How does bearing witness help heal the world?
The concept of “bearing witness” to suffering is all too familiar to the Jewish community, especially during times of Holocaust remembrance and more specifically, Yom HaShoah. I am currently a graduate student of Mindfulness Studies at Lesley University and my deep dive into Buddhist philosophy over the last year has helped illuminate the concept of what it means to bear witness to suffering and how it is a necessary step to healing the world.
In his book entitled Bearing Witness, Zen teacher and author Bernie Glassman writes, “Out of the process of bearing witness the right action of making peace, of healing, arises.” It was the inclination to bear witness to the suffering of the over one million murdered at Auschwitz-Birkenau that lead Glassman to lead a pilgrimage for diverse religious figures and peacemakers to this corner of horror in 1996, which he discusses in this book. His intention, which was then shared among the group of 150 peacemakers, was to “be face-to-face with both the horror — and the healing — of Auschwitz.” “How could there be healing at Auschwitz?”, I asked myself. Then I read on.
During the two-mile walk from the “living” labor quarters of Auschwitz to the death camp of Birkenau, the group chanted the names of the murdered victims in a walking meditation. I was privileged to walk this same path, this same path that over one million innocent victims of the Nazis, the majority Jewish, walked to their deaths, in the spring of 2015 on the Young Adult March of the Living. I was also on a pilgrimage of sorts, not with Zen practitioners but with fellow Jews, mostly young adults. We too came to bear witness to the lost histories of our shared ancestors. No one could escape the eeriness of the fact that had we been born a short 50 years earlier, we would not have been so lucky to walk out of those gates.
Glassman was encouraged by his old friend, Rabbi Zalman Schachter-Shalomi, to keep his, and the intention of the group, in mind throughout their experience. Reflecting back on my own experience at Auschwitz-Birkenau, it was very easy to let anger, sadness, confusion, and shock cloud my intentions for being there. Glassman writes:
“We were not doing this for ourselves, he said, or for the sake of our experience or understanding, not even for our own grief. We were doing this for the souls left at Auschwitz, cut off from life quickly and abruptly, unable to find rest. Our retreat was for the sake of those souls, to help bring them to rest.”

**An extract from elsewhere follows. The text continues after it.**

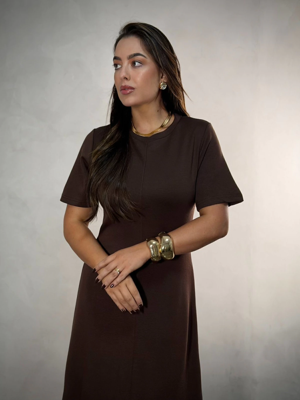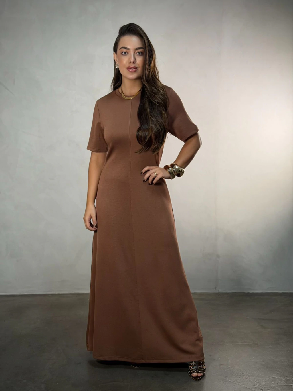 Com modelagem longa e clean, o vestido alonga a silhueta com naturalidade. As mangas curtas equilibram o visual, trazendo leveza e versatilidade. Uma peça atemporal, perfeita para produções elegantes no dia a dia, viagens, trabalho e encontros que pedem estilo com praticidade.
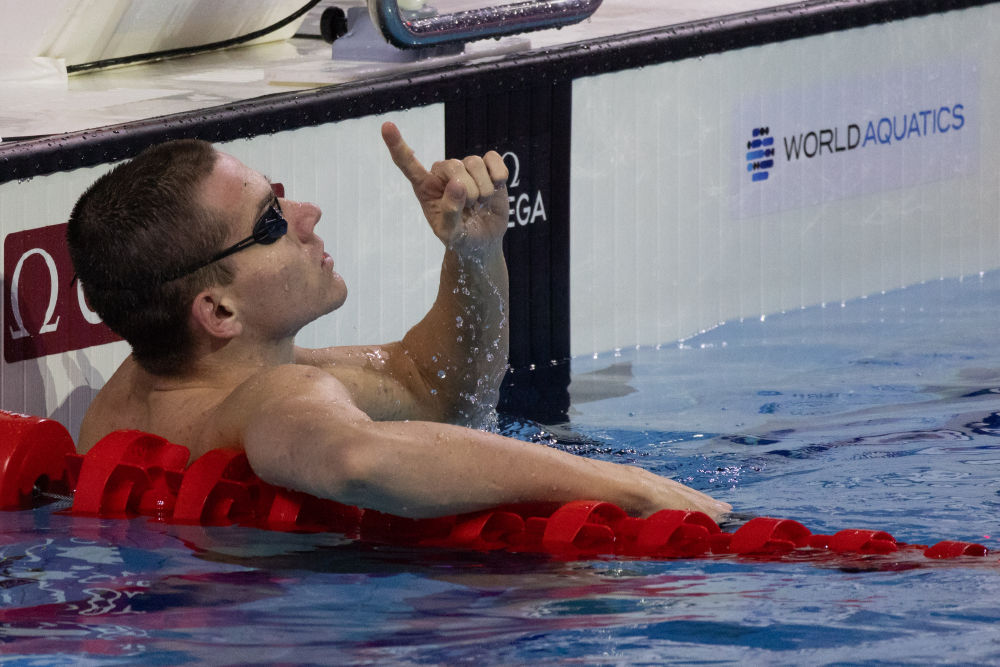 男子100米仰泳决赛中,以中立身份参赛的俄罗斯18岁小将利芬采夫以48秒76打破世界青年纪录并摘金,东道主选手科什和波兰选手斯托科夫斯基分获亚军和季军。

It is difficult to understand the unthinkable, but bearing witness to the suffering of others happens before conscious understanding. It is opening a window to awakening without fully knowing why. I did not think of my own experience at Auschwitz as an opportunity to help bring those innocent, suffering souls to rest. I wish I had. I felt compelled to walk that hallowed ground so I could more deeply embody the torch I was carrying as a Jewish person. A Jewish person who by some twist of fate was born in Canada in 1989 and whose ancestors headed west from Poland, Belarus, and Russia in the 1920s and 30s knowing their future as Jews there was bleak, but to their horror became so much bleaker than anyone could have envisioned. Had they stayed, I would not be here. Those lost souls are intertwined with my own, not only because I am Jewish but because I am human. I hope my retreat there helped bring their souls to rest and brought healing to them, like Glassman’s retreat did. I had only previously thought of what my experience at Auschwitz-Birkenau had taught and instilled within me, not what my presence could have done for the victims. Now I know and believe that bearing witness is a two-way exchange of awakening and healing, even for the no longer living.